L’échange autour des travaux des groupes devra permettre de dégager des tendances
- Dans un premier temps, on remarque un certain compactage de l’écrit : il y a de plus en plus de texte sur un support de plus en plus petit. Avec les supports numériques, le support disparaît complètement au profit du contenu. Le support de stockage du texte s’efface devant un support de lecture éphémère.
- Dans un deuxième temps, on remarque un phénomène de mondialisation : le papier puis l’écran deviennent des supports universels.
Synthèse : écouter le récit "Les supports de l’écrit"

Codex, papier, imprimerie et numérique: des révolutions successives

Certains changements de supports entrainent de profonds bouleversements dans le rapport à l’écrit.
Avec le parchemin tout change ; Le codex qui se substitue lentement au rouleau  favorise l’organisation du texte  en séquences discontinues, en pages autonomes. Avec le codex naissent la couverture, la page de titre, la  marge, la pagination,  le chapitrage, la table des matières, l’index…Le texte cesse de se dérouler au rythme du rouleau ; il joue avec le support, se servant de toutes les possibilités qu’offre le pli.
Avec le codex nait aussi la lecture silencieuse car le livre tient dans la main ; de nouveaux signes vont guider la lecture : espaces, ponctuation, paragraphes…Naitra aussi une littérature plus intime, le roman.
Les élèves pourront examiner un rouleau et tenter de retrouver toutes les innovations qu’apporte le codex en repérant les différences avec les livres qu’ils utilisent.
Documents à consulter
 
 
La diffusion du papier et l’invention de l’imprimerie vont accélérer la dématérialisation du support.
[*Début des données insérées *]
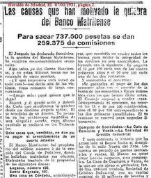 | Keywords: 1931-Banco-Matritense-quiebra-a 01.jpg it Le Cause che hanno provocato il fallimento del Banco Matritense 1931-01-07 El Heraldo de Madrid 7 1 1931 pag 2 El Heraldo other versions El Heraldo de Madrid 7 1 1931 pag 2 Las causas que han motivado la quiebra del Banco Matritense Para sacar 737 500 pesetas se dan 259 375 de comisiones El Juzgado ha declarado la quiebra del Banco Matritense Se exigiran responsabilidades criminales Algo sabia yo del Bano Matritense y en estas ultimas horas me he enterado de otras muchas - Y que impresion saca usted de todo esto “ nos decia una de las victimas como resumen de larga conversacion- - Amigo mio que quiera que le diga Sonrei y el quedo serio y dolorido Cadauno mirabamos la quiebra desde un distinto angulo visual El se acordaba de su dinero Yo pensaba en los pintorescos episodios de una singular novela cuyo ultimo capitulo se recitarĂ en los Tribunales Ocho casa que vendidas no dan para pagar el arrendamiento de un quarto interior El Banco Matritense fue proprietario del edificio numero 5 de la avenida del Conde de Penalver nd r actual Gran Via 22 donde se hallaban instaladas sus oficinas Disfrutaba tambien de la propriedad de las siguentes fincas - Lagasca numero 126 - Santa Engracia 107 - Una casa en Cordoba actualmente de la sucursal del Banco Espanol de Credito - Otra asa en Alcazar de San Juan - Otra en Jaen - Otra en Lucena - Dos en el Puerto de Santa Maria Esto fue el ano 1923 En la actualidad las oficinas estan instaladas en un oscuro cuarto interior de la casa numero 6 de la calle Nueva del Este en el extrarradio que tiene senalado ocho duros mensuales de arrendamiento y cuyos recibos hace tiempo que no se pagan Con el Banco Matritense se albergan la Sociedad de Credito Industrial y La Agricola Industrial de Mostoles sus filiales De todo el negocio queda la realidad de un cuarto oscuro unos libros de actas y un monton de documentos Alarma entre cuentocorrentistas “ Sispension de pagos “ Un convenio con los acreedores A fines del ano 1922 y principios del 23 cierta revista financiera hacia camapana sobre la situacion economica del Banco Matritense Presentaros los cuentacorrentistas a retirar fondos y el Baco tuvo que declararse en suspension de pagos Entonces funcionaba en Madrid una Sociedad dedicada a la compra y venta de antiguedades instalada en la calle de Jardines en cuyo negocio tenia partecipacion el director de la revista Esta Sociedad de compraventa se titulaba Casa de Comision y Venta Se nombraron interventores judiciales y a los interventores sucedio un Consejo a base de los directores de las sucursales de provincia que duro unos cuatro meses El Cosejo fue sustituido por otro Fueronse renovanndo los consejeros por sucesivas dimisiones El Banco habia llegado a pactar un convenio con sus acreedores que consistia en vender todos los bienes para saldar la integridad de los creditos en seis anualidades La formula era la siguente se pagaria el 15 por 100 cada uno de los cuatro primeros anos y el 20 por 100 cada uno de los dos restantes Y concretaba el convenio se garantia el pago de los dos primeros anos con el importe de la venta de los immuebles Esos immuebles eran los que hemos dicho antes El Consejo empezò a vender casas Interpretando el convenio no reservo los 15 y 20 por 100 establecidos sino el 30 por 100 correspondientes a las dos primeras anualidade El 60 restante se reservo para negociar libremente Compras de Sociedades “ La Casa de Comision y Venta “ La Sociedad de Credito Industrial Y aqui comienza la historia que ha arrastrado al Banco hasta el domicilio de la calle Nueva del Este Comienza un periodo de pactos mercantiles y ventas El Banco no quiso crear nuovos negocios sino comprarles La Casa de Comision y Venta de la que no era ajeno el animador fundo una entitad titulada Sociedad de Credito Industrial con un capital nominal de 20 millones de pesetas y un desembolso efectivo de 5 000 pesetas El Banco Matritense hizo entonces un contrato con la Casa de Comision y Venta para adquirir la nueva Sociedad La Casa de Comision y Venta estaba dirigida en aquel momento por un primo del director del Matritense El contrato fue el siguente El Banco compro a Casa de Comision y Venta unas 4 000 acciones una de 500 y otras de 250 pesetas nominales por valor total de 1 490 000 pesetas A cambio de que se vendio la Socied Credito Industrial al Banco Pues a cambio de 30 000 acciones que el Banco Matritense dio a la Sociedad Credito Industrial El Banco Matritense se comprometio a pagar los dividendos pasivos que se acordaran a la nueva Sociedad El Credito Industrial iba a dedicarse a la fabricacion de calzado y muebles de madera curvada En resumen 30 000 acciones de Matritense equivalentes a 1 500 000 pesetas nominales cambiaronse por 3960 acciones igual a 1 400 000 pesetas de Credito Industrial Se comenzaron a vender bienes y a la Sociedad Credito Industrial fue acudiendo el dinero que como producto de la venta de fincas obtenia el Banco La Fundacion Mercantil “ La Agricola Comercial de Mostoles Poco despues se fundo otra Sociedad Fundacion Mercantil que luego cambio el nombre por el de Fundacion Mercantil Corporativa Urbana El Banco compro la idea a una persona de Alicante La finalidad social era distribuir coupones en los comercios y construir casas para sortearlas entre los tenedores de tales coupons Y por ulltimo se fundo la Sociedad Agricola Comercial de Mostoles La s relaciones entre el Banco y todas estas filiales fueron agotando el dinero El Matritense tenia un modo original de abrir algunas cuetas corrientes En vez de dpositarse el dinero en el Banco era este quien daba el dinero al cuentacorrentista a cuenta de letras aceptadas Durante los anos 1924 y 1925 se vendieron las casas de Madrid y provincias En enero de 1926 el hasta entonces presidente del Consejo presento la dimision y se quedo en el puesto de presidente de Sociedad Credito Indystrial Habia desempenado antes las dos presidencias Las comisiones de

Dans les Cahiers de médiologie, n°4, 1997 on trouve cette définition du papier, c’est "une entité sans laquelle notre monde ne pourrait se concevoir et qui pourtant reste le plus souvent transparente au regard." Dans ce même numéro on trouve aussi que "la réalité du papier disparait derrière le symbole, le texte, la représentation ou le signe dont il est porteur.".
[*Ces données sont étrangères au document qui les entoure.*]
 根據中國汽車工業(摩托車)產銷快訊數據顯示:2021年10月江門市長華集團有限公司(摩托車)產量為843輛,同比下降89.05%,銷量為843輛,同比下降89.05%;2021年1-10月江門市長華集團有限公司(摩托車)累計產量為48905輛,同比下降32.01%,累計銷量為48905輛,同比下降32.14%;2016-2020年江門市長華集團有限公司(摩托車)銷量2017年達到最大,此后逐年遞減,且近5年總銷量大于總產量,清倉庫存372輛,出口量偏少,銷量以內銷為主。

Peu couteux, le papier va permettre, grâce à l’imprimerie, la multiplication des livres et le développement de leur diffusion.
Les supports numériques marquent la consécration de la transparence du support.
Le texte est-il seul à subsister ? L’intérêt pour les supports serait-il définitivement abandonné ?
Les développements de l’informatique n’ont en rien fait décliner l’usage du papier. La consommation a triplé en trente ans et l’on n’a jamais autant imprimé pour faciliter la lecture de documents. Surtout, à côté des supports dominant de l’écrit, les supports restent fondamentaux pour des messages que l’ont veut spécifiques.